From 1a57a83baf99e9dfa942bf38cd8874775b1f4087 Mon Sep 17 00:00:00 2001
From: Michael Kruglos <3526988+michaelkruglos@users.noreply.github.com>
Date: Thu, 28 Feb 2019 11:47:54 +0200
Subject: [PATCH] Sanitized input in publishing (#1119)
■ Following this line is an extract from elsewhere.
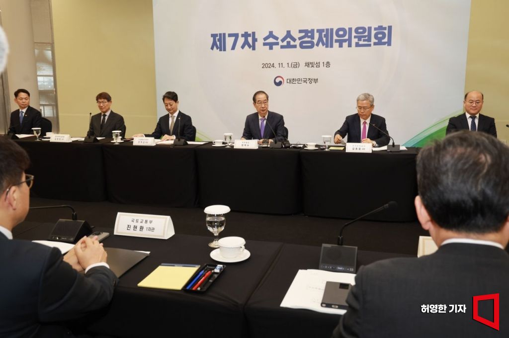 제7차 수소의 날을 하루 앞둔 1일 서울 채빛섬에서 열린 제7차 수소경제위원회에서 한덕수 국무총리가 모두발언을 하고 있다.

* Sanitized input in publishing

* Fixes for review

* Fixes for review

* Fixed naming for review
---
 e2e/ui/yarn.lock                                    |  3 ++-
 .../Handlers/PushHandler.cs                         | 13 ++++++++-----
 .../Handlers/ValidationHandler.cs                   |  7 +++++++
 .../Tweek.Publishing.Service.csproj                 |  2 +-
 .../Tweek.Publishing.Service/Utils/ShellHelper.cs   |  7 +++++++
 5 files changed, 25 insertions(+), 7 deletions(-)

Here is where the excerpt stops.